The best and worst in international news in 2016
Our annual Newsmakers issue highlights the year’s highlights, lowlights, major moments and most important people. Read our Newsmakers 2016 stories here, and read on to see which people, events and moments Maclean’s named as the best and worst of 2016 in international news.
THE BEST
The arrest of ‘El Chapo’
Mexican Marines finally nabbed the world’s most wanted drug trafficker, Joaquín “El Chapo” Guzmán, in January, six months after he’d escaped through a well-lit, vented one-mile tunnel. His next trip: possibly to a U.S. court.
Juan Manuel Santos
The Colombian government and FARC rebels agree on a peace deal ending 52 years of conflict, and winning Santos the Nobel Peace Prize (Though the first deal was rejected in a close referendum, the ceasefire has held as they negotiated a second deal.)
Kevin Vickers
As Canada’s sergeant-at-arms in 2014, Vickers helped take down Parliament Hill terrorist Michael Zehaf-Bibeau. As ambassador to Ireland in May, Vickers tackled a protester at an Easter Rising ceremony.
Tsai Ing-wen
Voters in Taiwan ditched the party that had ruled them for seven decades and elected their first woman as president. She’s irked China with her strong pro-autonomy stance.
Theresa May
After Brexit, enter May, the U.K.’s second female prime minister, whose job it now is to negotiate her nation’s exit from the European Union.
The Chibok schoolgirls
When close to 300 Nigerian schoolgirls were kidnapped by Boko Haram two years ago, it horrified the world. Then in October militants released 21 of the girls to the government—a rare spot of good news in a troubled region.
THE WORST
David Cameron
The leaked Panama Papers revealed that the then-U.K. prime minister had a stake in a secretive offshore investment fund. Then his call for a Brexit referendum backfired horribly. Resigning as prime minister was his best move all year.
Melania Trump
She made plagiarism great again in her speech at the Republican National Convention by lifting paragraphs almost verbatim from an earlier speech by first lady Michelle Obama.
James Comey
With his letter to Congress about reopening Hillary Clinton’s email server investigation, the FBI director thrust the agency into the presidential campaign—and, in the eyes of some, delivered the White House to Trump.
Drunk Yanks
Port Huron Float Down: 1,500 dumb Americans + inner tubes + alcohol = the closure of a major Great Lakes shipping corridor in August and a $280,000 bill to save everyone who accidentally floated into Canada.
Scary clowns
As if regular clowns weren’t spooky enough, rumours of clowns luring children into the woods in South Carolina touched off creepy clown sightings—some real, some imagined—across the U.S.
Dilma Rousseff
No sooner had the Olympic flame gone out in Rio that Brazil’s then-president faced an impeachment trial for faking the country’s finances. The outcome: Rousseff was booted from office.
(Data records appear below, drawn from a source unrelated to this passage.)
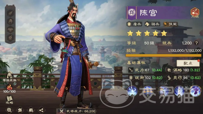 陈宫尽管只是一张紫卡品质的角色,但其作用却不容小觑,陈宫擅长群体治疗,能够在关键时刻稳定队伍的血线,他的招牌技能天地不仁覆盖范围内的队友皆能享受到轻伤恢复的效果,由于陈宫自身的谋略成长颇为出色,所提供的治疗效果相当可观,除此之外他的被动技能还能为队友带来25%的技能增伤,并且提升队伍的抗震率,这两项属性对于减轻长期作战带来的损耗至关重要,无论是持久战还是拉锯战,陈宫的存在都能让队伍更加从容应对,即便到了游戏后期,多高级橙卡涌现,陈宫依然可以凭借其实惠实用的特性,作为过渡卡牌长期活跃在战场上。
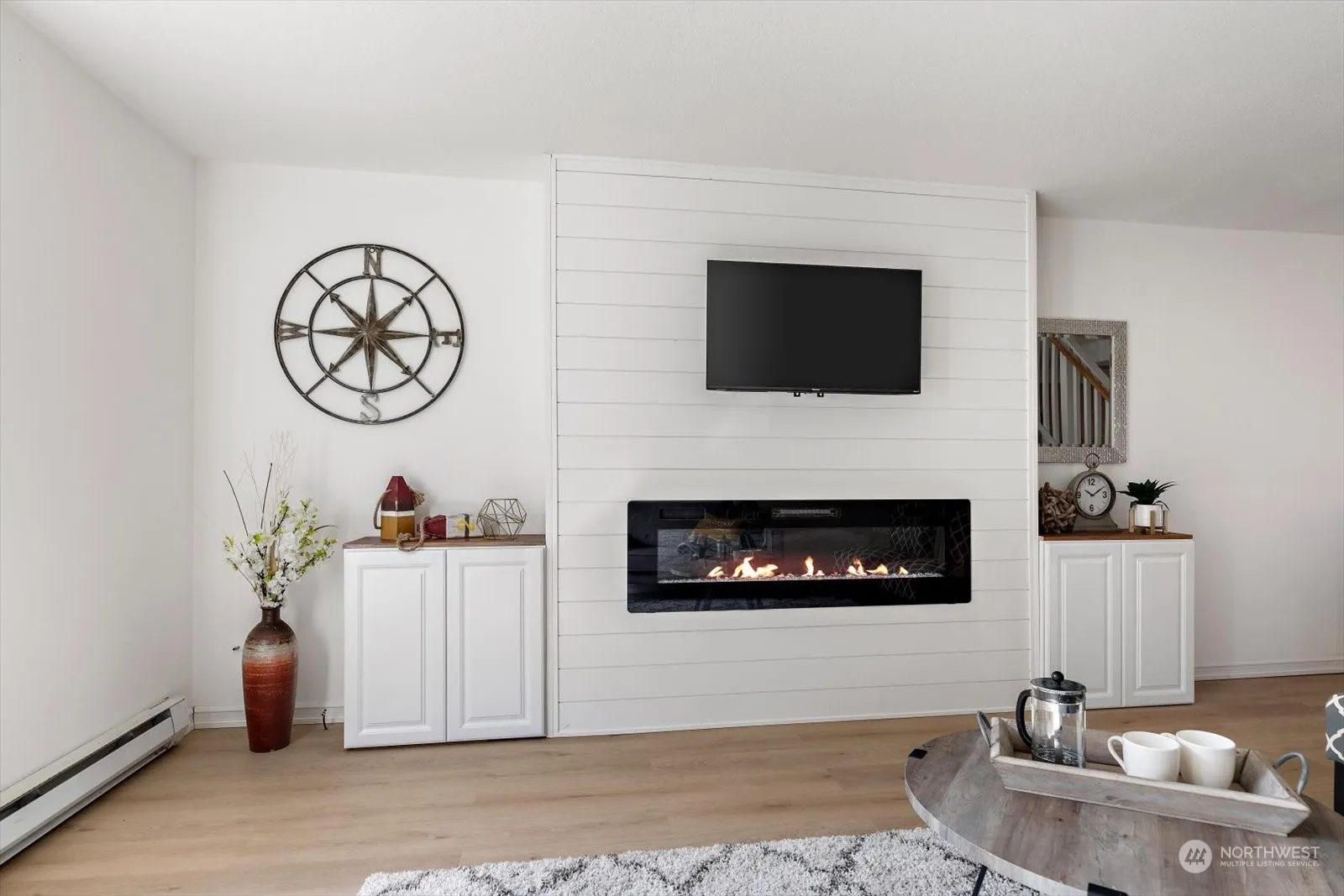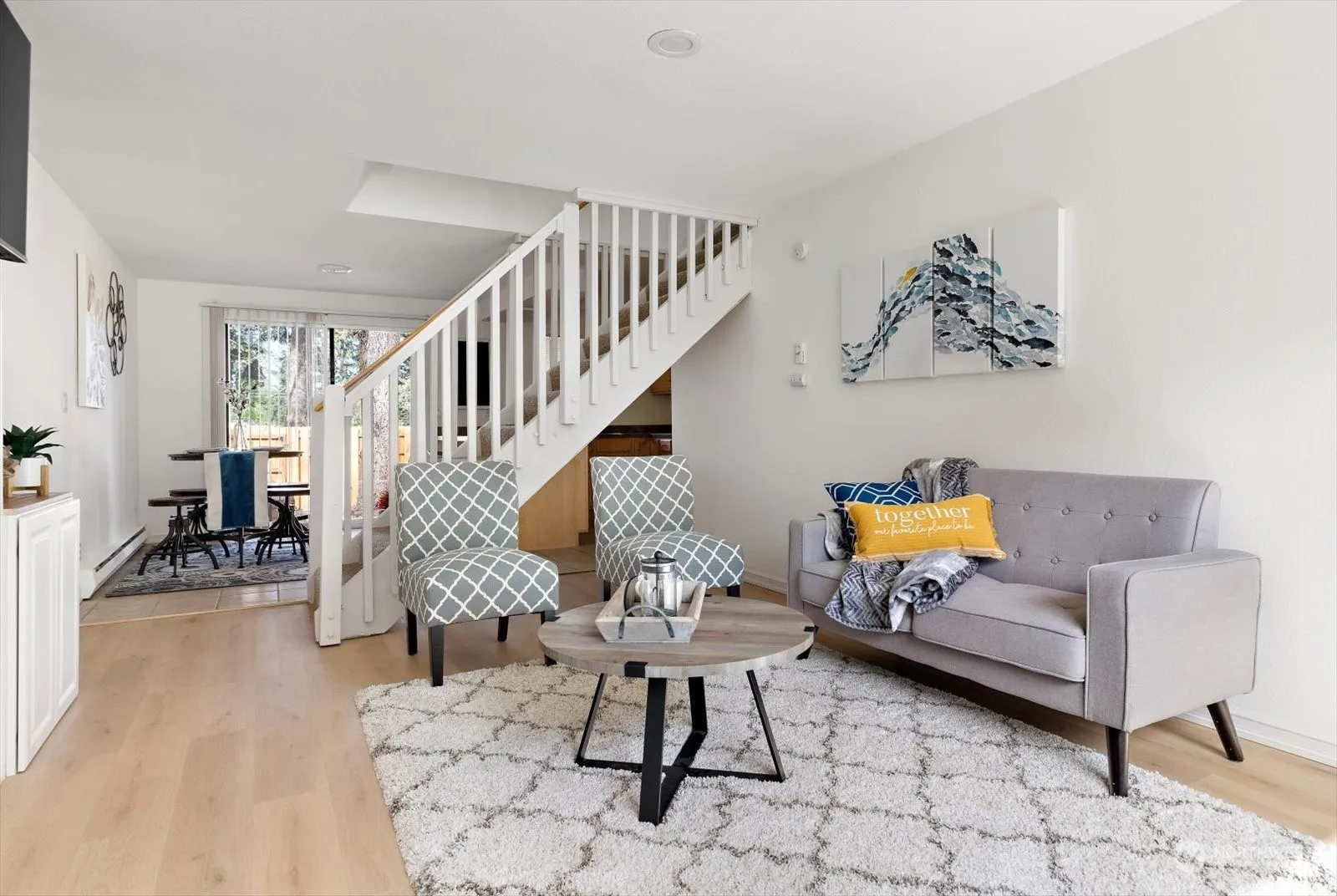 Tastefully updated townhouse in the heart of Oak Harbor. Inviting living space w/shiplap surrounding warm electric fireplace insert. Open concept has flow from living to dining & kitchen, making entertaining easy. Convenient powder room for guests and laundry tucked away off the kitchen, rounds out the main floor features. Upstairs find large primary bedroom w/WIC. Jack and Jill full bath is shared with guest bedroom. Low maintenance is the name of the game with LVP flooring in most of the house, and no grass to cut in the fully-fenced backyard. Gate off back of fence opens to greenspace that expands from SW Harrier St to SW Fairhaven. Quick access to schools, base, shopping, etc.
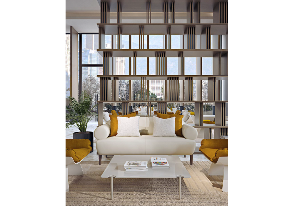 Silhouette von Gensler für Tutti entworfen, ist ein Sofa mit Struktur aus Sperrholz und Massivholz mit Polsterung aus verschiedenen Stoffen oder Ledern. Beine aus eukalyptusfarbenem Massivholz.

WORLD NEWS IN 2016, BY THE NUMBERS
1 in 10
Number of Syrians killed or wounded in the civil war, according to estimates. In August, Omran Daqneesh, 5, was wounded in a government attack in Aleppo; his brother, Ali, age 10, later died.
32
Number of polio cases reported this year, mostly in Afghanistan, Pakistan and Nigeria. Two decades ago, there were 350,000 cases in the world.
170,000
Former Auschwitz guard Reinhold Hanning, 94, was convicted in Germany of being an accessory to the murder of some 170,000 people in the concentration camp.